43. The mRNA of claim 42, wherein the transmembrane domain is an influenza hemagglutinin transmembrane domain.

44. A messenger ribonucleic acid (mRNA) comprising an open reading frame encoding a fusion protein comprising an amino (N) terminal domain of a SARS-CoV-2 spike protein linked to a receptor binding domain of the SARS-CoV-2 spike protein.

45. The mRNA of claim 44, wherein the fusion protein further comprises a transmembrane domain.

46. The mRNA of any one of the preceding claims, further comprising a 5' cap, optionally 7mG (5 ') ppp (5 ') NlmpNp.

47. The mRNA of any one of claims 1 to 45, further comprising a poly-a tail, optionally having a length of about 100 nucleotides.

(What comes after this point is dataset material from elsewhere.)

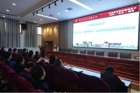 参观结束后,研修班学员齐聚学术报告厅,认真听取郑州市第七高级中学校长黄玉杰题为《从理念到生态:郑州七中博雅教育的系统化范式与实践智慧》的专题讲座。黄玉杰结合自身博士求学经历与学术研究收获,以先进教育理论为支撑,从何为教育、何为学校、何为校长三个问题切入,深刻阐释教育的本质是促进人的全面发展,她结合郑州市第七高级中学办学实际,系统解读“家国情怀、博学多识、素养高雅、思维创新”博雅教育理念,全面分享学校以系统化思维构建课程、教学、管理、评价、文化、环境全链条育人体系的实践路径与丰硕成果,理论深度与实践温度兼具,引发全体校长强烈共鸣。整场讲座既有教育理论的深度,又有办学实践的温度,既有顶层设计的高度,又有落地执行的细度,为来访校长提供了可借鉴、可复制的系统化育人范式。

48. The mRNA of any one of claims 1 to 46, wherein the mRNA comprises a chemical modification, optionally 1-methylpseuduridine.

49. The mRNA of any one of claims 1-47, wherein each uridine in the mRNA is a 1-methylpseuduridine.

50. A composition, comprising:

(a) A messenger ribonucleic acid (mRNA) comprising an open reading frame encoding a fusion protein comprising a Receptor Binding Domain (RBD) of a SARS-CoV-2 spike protein and a protein transmembrane domain; and

(b) An mRNA comprising an open reading frame encoding a fusion protein comprising the amino (N) terminal domain (NTD) and transmembrane domain of a SARS-CoV-2 spike protein.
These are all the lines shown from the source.